* Activity:
Would you repeat the data below exactly, taking out the images?

* Provided data:
☆ ☆ ☆ ☆ ☆ ☆ ☆

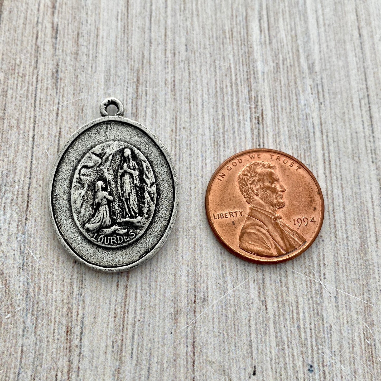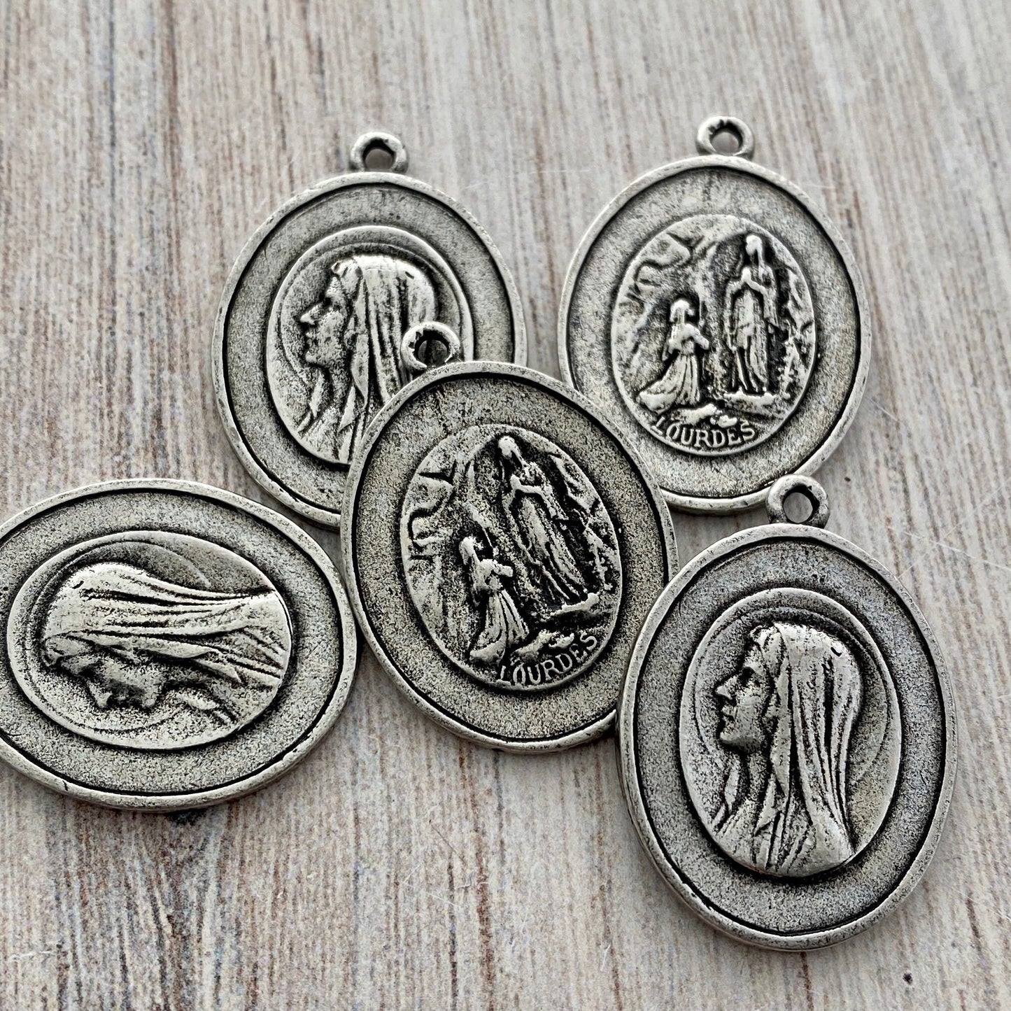 Oval Mary Medal, Virgin Mary, Our Lady of Lourdes, Catholic Necklace, Religious Antiqued Silver French Charm, PW-6207
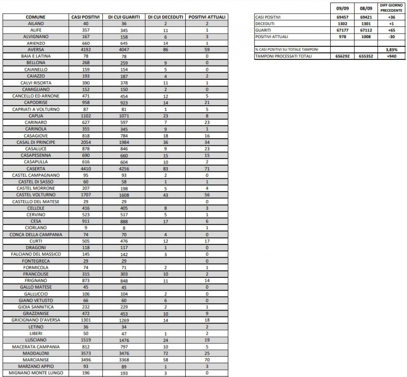10/9. Coronavirus in Prov. di Ce. Si registrano un decesso e 36 nuovi casi. I dati Comune per Comune
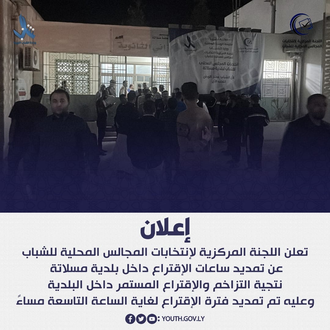 تعلن اللجنة المركزية لإنتخابات المجالس المحلية للشباب عن تمديد ساعات الاقتراع داخل بلدية مسلاتة نتيجة التزاحم والإقتراع المستمر داخل البلدية وعليه تم تمديد فترة الاقتراع لغاية الساعة التاسعة مساءً

☆ ☆ ☆ ☆ ☆ ☆ ☆

* The completed task:
 Oval Mary Medal, Virgin Mary, Our Lady of Lourdes, Catholic Necklace, Religious Antiqued Silver French Charm, PW-6207
10/9. Coronavirus in Prov. di Ce. Si registrano un decesso e 36 nuovi casi. I dati Comune per Comune
 تعلن اللجنة المركزية لإنتخابات المجالس المحلية للشباب عن تمديد ساعات الاقتراع داخل بلدية مسلاتة نتيجة التزاحم والإقتراع المستمر داخل البلدية وعليه تم تمديد فترة الاقتراع لغاية الساعة التاسعة مساءً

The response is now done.